## 1 - match

--- match 方法会尝试从字符串的起始位置匹配正则表达式，如果匹配，就返回匹配成功的结果；如果不匹配，就返回 None

--- match 方法在使用时需要考虑到开头的内容，这在做匹配时并不方便。它更适合用来检测某个字符串是否符合某个正则表达式的规则。

In [1]:
import re

In [2]:
content = 'Hello 123 4567 World_This is a Regex Demo'
result = re.match('^Hello\s\d\d\d\s\d{4}\s\w{10}', content)
print(result)
print(result.group())
print(result.span())

<re.Match object; span=(0, 25), match='Hello 123 4567 World_This'>
Hello 123 4567 World_This
(0, 25)


### 匹配目标

In [3]:
content = 'Hello 1234567 World_This is a Regex Demo'
result = re.match('^Hello\s(\d+)\sWorld', content)
print(result)
print(result.group())
print(result.group(1))
print(result.span())

<re.Match object; span=(0, 19), match='Hello 1234567 World'>
Hello 1234567 World
1234567
(0, 19)


## 通用匹配

In [4]:
result = re.match('^Hello(.*?)Demo$', content)
print(result)
print(result.group())
print(result.group(1))
print(result.span())

<re.Match object; span=(0, 40), match='Hello 1234567 World_This is a Regex Demo'>
Hello 1234567 World_This is a Regex Demo
 1234567 World_This is a Regex 
(0, 40)


## 贪婪与非贪婪

In [5]:
result = re.match('^He.*(\d+).*Demo$', content)
print(result)
print(result.group())
print(result.group(1))

<re.Match object; span=(0, 40), match='Hello 1234567 World_This is a Regex Demo'>
Hello 1234567 World_This is a Regex Demo
7


In [6]:
result = re.match('^He.*?(\d+).*Demo$', content)
print(result)
print(result.group())
print(result.group(1))

<re.Match object; span=(0, 40), match='Hello 1234567 World_This is a Regex Demo'>
Hello 1234567 World_This is a Regex Demo
1234567


In [7]:
# 匹配中间的字符尽量适用非贪婪，匹配结尾的字符尽量用贪婪
content = 'http://weibo.com/comment/kEraCN'
result1 = re.match('http.*?comment(.*?)', content)
result2 = re.match('http.*?comment(.*)', content)
print('result1 ',result1.group(1))
print('result2 ',result2.group(1))

result1  
result2  /kEraCN


## 修饰符

In [8]:
content = '''Hello 1234567 World_This
is a Regex Demo
'''
result = re.match('^He.*?(\d+).*Demo$', content, re.S)
print(result.group(1))

1234567


## 转义匹配

In [9]:
content = '(百度) www.baidu.com'
result = re.match('\(百度\)(.*)\.(.*)\.(.*)', content)
print(result)
print(result.group(1))
print(result.group(2))
print(result.group(3))

<re.Match object; span=(0, 18), match='(百度) www.baidu.com'>
 www
baidu
com


## 2- search

--- match 方法在使用时需要考虑到开头的内容，这在做匹配时并不方便。
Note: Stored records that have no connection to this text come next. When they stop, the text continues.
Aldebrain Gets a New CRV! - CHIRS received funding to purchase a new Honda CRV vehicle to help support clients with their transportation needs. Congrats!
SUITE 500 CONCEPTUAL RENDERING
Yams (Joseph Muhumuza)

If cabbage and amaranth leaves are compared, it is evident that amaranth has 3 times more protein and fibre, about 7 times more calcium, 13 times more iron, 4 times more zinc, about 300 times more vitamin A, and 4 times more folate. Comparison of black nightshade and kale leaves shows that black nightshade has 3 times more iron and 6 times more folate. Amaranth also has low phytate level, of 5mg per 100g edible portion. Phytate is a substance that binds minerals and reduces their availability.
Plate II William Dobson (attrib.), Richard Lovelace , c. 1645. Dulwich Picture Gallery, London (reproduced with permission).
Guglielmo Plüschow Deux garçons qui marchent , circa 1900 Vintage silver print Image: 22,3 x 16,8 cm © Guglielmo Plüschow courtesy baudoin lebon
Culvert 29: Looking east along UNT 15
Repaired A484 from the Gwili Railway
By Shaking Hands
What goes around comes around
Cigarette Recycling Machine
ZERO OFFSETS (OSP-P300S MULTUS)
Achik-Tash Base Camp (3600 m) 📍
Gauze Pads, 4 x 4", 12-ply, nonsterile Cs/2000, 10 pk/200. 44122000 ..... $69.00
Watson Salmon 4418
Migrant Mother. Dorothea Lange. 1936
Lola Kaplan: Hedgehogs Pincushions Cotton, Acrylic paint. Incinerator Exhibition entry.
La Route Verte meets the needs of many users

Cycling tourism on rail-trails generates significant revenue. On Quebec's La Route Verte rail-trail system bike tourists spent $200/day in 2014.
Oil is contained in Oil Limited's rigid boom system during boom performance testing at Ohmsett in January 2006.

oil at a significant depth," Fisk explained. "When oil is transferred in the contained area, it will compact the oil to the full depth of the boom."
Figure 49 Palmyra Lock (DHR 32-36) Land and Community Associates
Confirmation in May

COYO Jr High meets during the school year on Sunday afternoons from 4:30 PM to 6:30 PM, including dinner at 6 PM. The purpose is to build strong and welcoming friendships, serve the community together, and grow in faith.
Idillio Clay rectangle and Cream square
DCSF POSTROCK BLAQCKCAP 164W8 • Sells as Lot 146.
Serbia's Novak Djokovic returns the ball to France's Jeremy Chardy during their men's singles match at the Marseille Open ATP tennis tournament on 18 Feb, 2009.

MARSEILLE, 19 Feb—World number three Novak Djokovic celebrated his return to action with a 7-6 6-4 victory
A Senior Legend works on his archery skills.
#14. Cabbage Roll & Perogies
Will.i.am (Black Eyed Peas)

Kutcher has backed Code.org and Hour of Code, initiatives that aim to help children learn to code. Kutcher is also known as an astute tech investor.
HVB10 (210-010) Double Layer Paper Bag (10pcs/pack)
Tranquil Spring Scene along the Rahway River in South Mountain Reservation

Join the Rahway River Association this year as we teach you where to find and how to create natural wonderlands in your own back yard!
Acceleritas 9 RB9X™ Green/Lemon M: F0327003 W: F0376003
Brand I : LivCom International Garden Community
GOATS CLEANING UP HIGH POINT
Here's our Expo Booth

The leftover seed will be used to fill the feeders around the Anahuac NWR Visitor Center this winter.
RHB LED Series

它更适合用来检测某个字符串是否符合某个正则表达式的规则。

In [10]:
content = 'Extra stings Hello 1234567 World_This is a Regex Demo Extra stings'
result = re.search('Hello.*?(\d+).*Demo', content)
print(result)
print(result.group(1))

<re.Match object; span=(13, 53), match='Hello 1234567 World_This is a Regex Demo'>
1234567


In [21]:
html = '''
<div id="songs-list">
  <h2 class="title">经典老歌</h2>
  <p class="introduction">经典老歌列表</p>
  <ul id="list" class="list-group">
    <li data-view="2">一路上有你</li>
    <li data-view="7">
      <a href="/2.mp3" singer="任贤齐">沧海一声笑</a>
    </li>
    <li data-view="4" class="active">
      <a href="/3.mp3" singer="齐秦">往事随风</a>
    </li>
    <li data-view="6"><a href="/4.mp3" singer="beyond">光辉岁月</a></li>
    <li data-view="5"><a href="/5.mp3" singer="陈慧琳">记事本</a></li>
    <li data-view="5">
      <a href="/6.mp3" singer="邓丽君">但愿人长久</a>
    </li>
  </ul>
</div>
'''

In [43]:
pattern = '<li.*?active.*?href="(.*?)"\ssinger="(.*?)">(.*?)</a>'
result = re.search(pattern, html, re.S)
# print(result)
print(result.group(0))
print(result.group(1))
print(result.group(2))
print(result.group(3))

<li data-view="2">一路上有你</li>
    <li data-view="7">
      <a href="/2.mp3" singer="任贤齐">沧海一声笑</a>
    </li>
    <li data-view="4" class="active">
      <a href="/3.mp3" singer="齐秦">往事随风</a>
/3.mp3
齐秦
往事随风


## 3 - findall

In [47]:
results = re.findall('<li.*?href="(.*?)"\ssinger="(.*?)">(.*?)</a>', html, re.S)
# print(results)
for result in results:
    print(result)
    print(result[0], result[1], result[2])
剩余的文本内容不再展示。